Stream (not in-memory) PDF manipulation

2010-10-05
2013-01-26
  • Chris Thielen
    Chris Thielen
    2010-10-05

    Hi,

    I'm curious about the most recent entry on the blog.  Are you working on manipulation of documents without a fully-in-memory model, via streams?  If so, is the trunk repository available for testing?  I have a specific use case which would benefit greatly from stream processing. 

    My use case involves concatenating (and bookmarking) many PDF files (possibly thousands) together, then streaming the resulting PDF to a browser.  In-memory model works, but is obviously very memory intensive.  In my simple testing, generation of a 150mb PDF requires approximately 320mb of java heap, which really isn't bad for an in-memory model, but can make serving multiple concurrent requests problematic.

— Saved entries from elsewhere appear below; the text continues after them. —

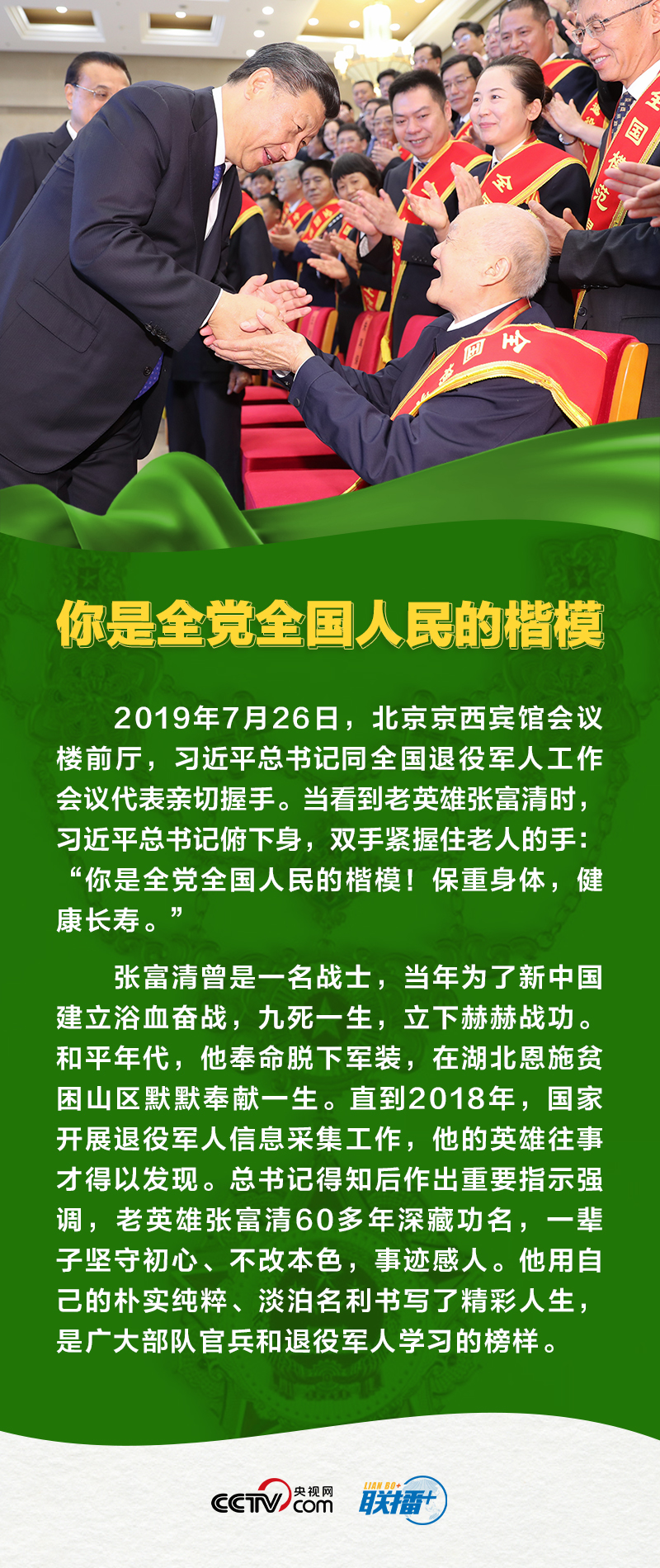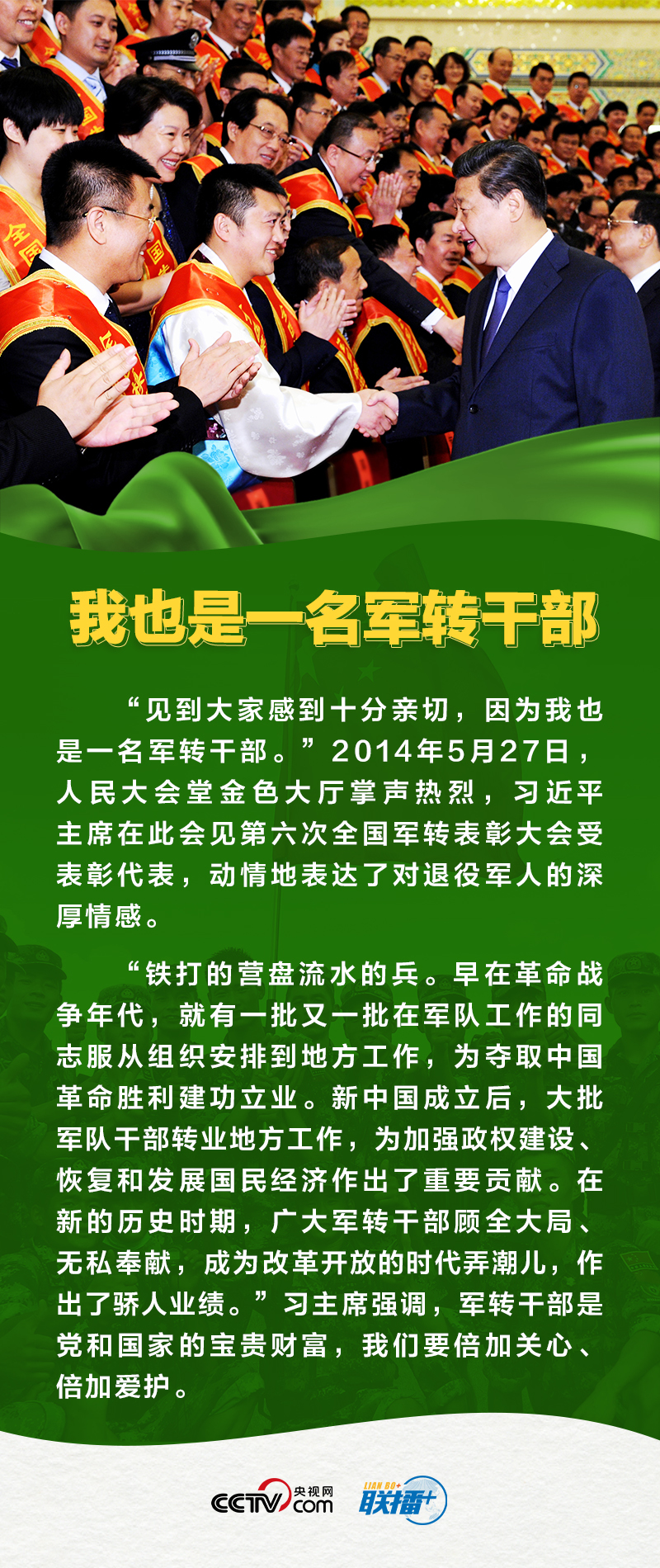 退役与现役是军人人生的不同阶段,无论是穿着军装为国家保驾护航,还是脱下军装为梦想打拼,都值得全社会尊崇!央视网《联播+》特推出海报,为您讲述习主席与退役军人之间的温暖故事。
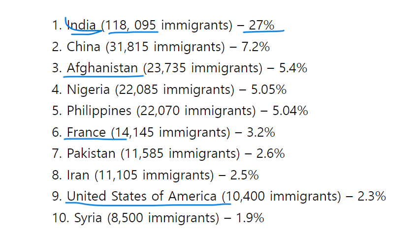많은 사람들이 해외 이주 시 선호하는 영어권 국가 중 캐나다는 다양한 이민 프로그램 정책 덕분에 다른 영어권 국가에 비해 상대적으로 이민이 쉬운 편이긴 하다.(단 상대적으로 쉽다는 것이지 영주권 획득 과정은 사실 그리 쉽지는 않다 ^^) 2022년 캐나다 영주권 취득 국가별 순위 통계자료가 나와 살펴보니 역시나 인도계가 압도적이다. 흥미로운 점은 생각보다 영주권 취득자 중 인도계와 중국계 숫자가 차이가 많이 나는 점과 아프가니스탄 난민들을 많이 받아들인 점 그리고 나이지리아, 프랑스, 미국인들이 10위 안에 들어있는 것도 특이한 점이다.
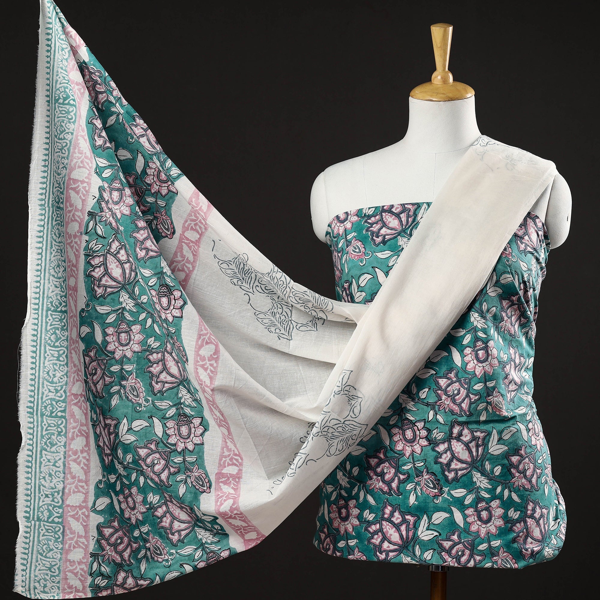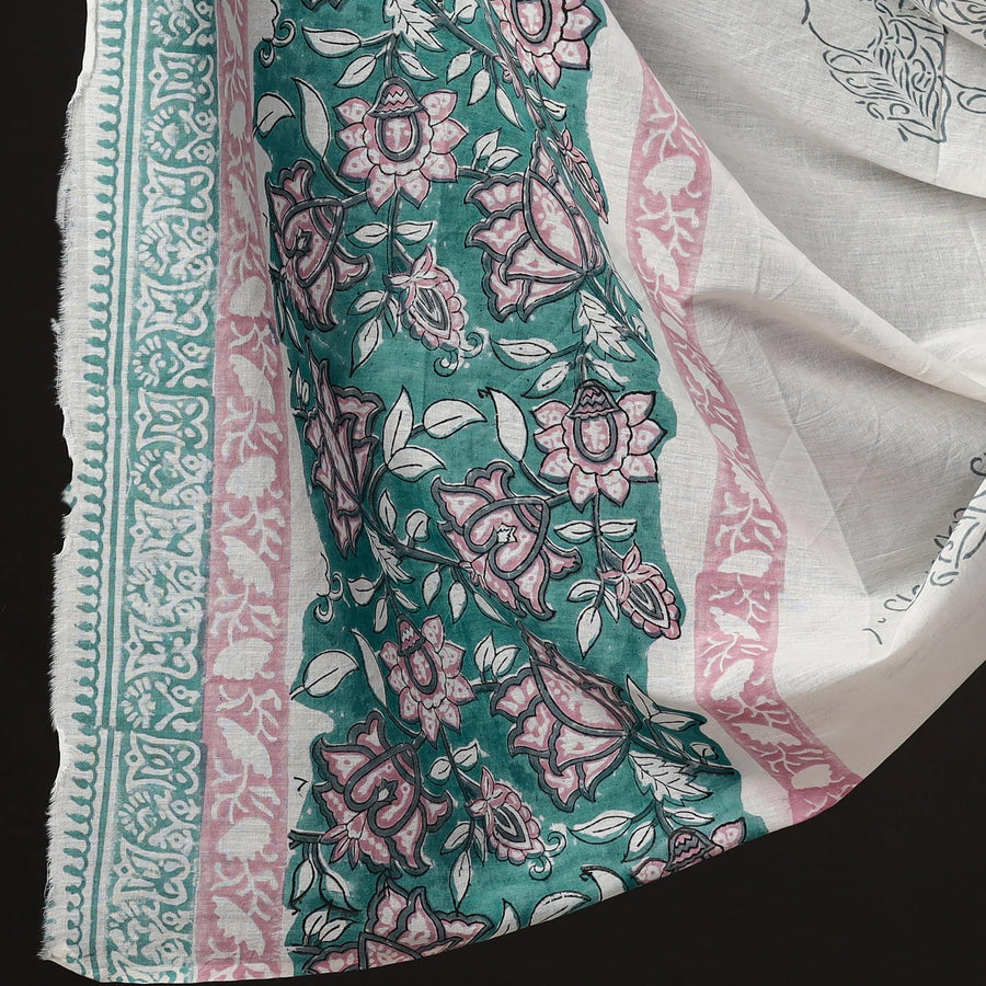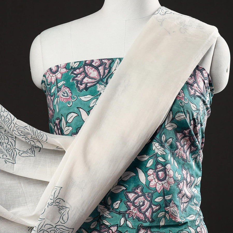 Fine quality sanganeri cotton suit material with mul cotton dupatta. Sanganeri is a hand block printing technique originating from Sanganer, a village in the southern part of Jaipur, Rajasthan. Bleed free VAT dyes used.
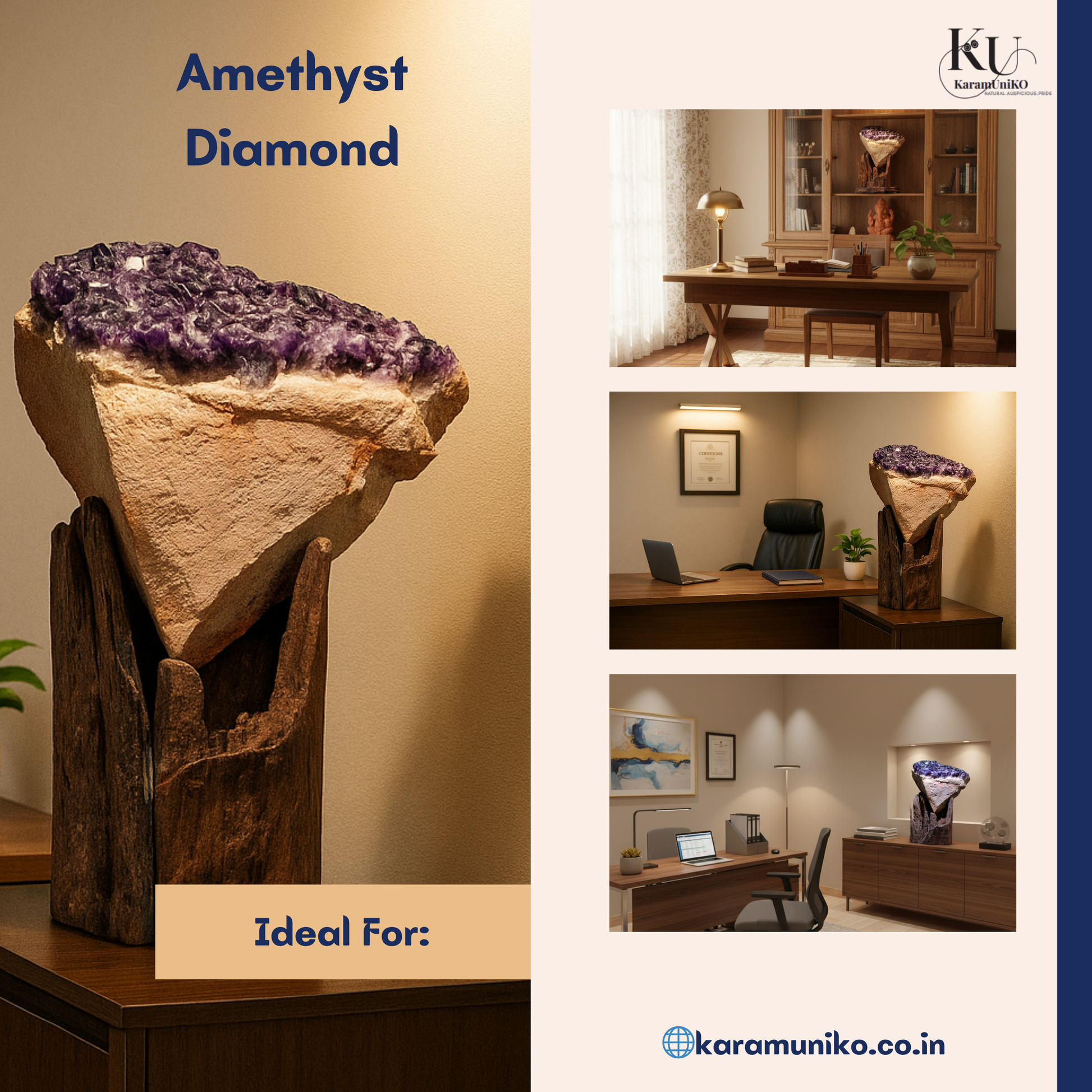 Natural Amethyst Crystals: Known for promoting peace, intuition, and stress relief.

    Thanks for your effort, I'm really impressed with PDFClown so far!

     
  • Hi,

    I'm perfectly aware of your concerns about the library's scalability in a server context: you're absolutely right. My primary design focus has been on offering a rich, flexible and consistent document object model; however, a pure in-memory representation has the obvious drawback of a larger footprint that isn't suitable for heavy concurrent computing.

    To cope with such a limitation I'm thinking about a hybrid solution which could integrate the current DOM with a stream manager deputed to progressively serialize and dispose indirect objects as soon as they are complete - users could choose, according to their requirements and coding strategies, to keep all the model in-memory, or to stream it both on reading and writing.

    By the way, the blog entry you referred to doesn't mention file serialization streaming: it's about cross-reference streams and object streams instead, which are a PDF 1.5 structure optimization for better data compression.

    Thank you
    Stefano

     
  • Chris, thank you  for your contribution; I'll try it in the next few days.
    Stefano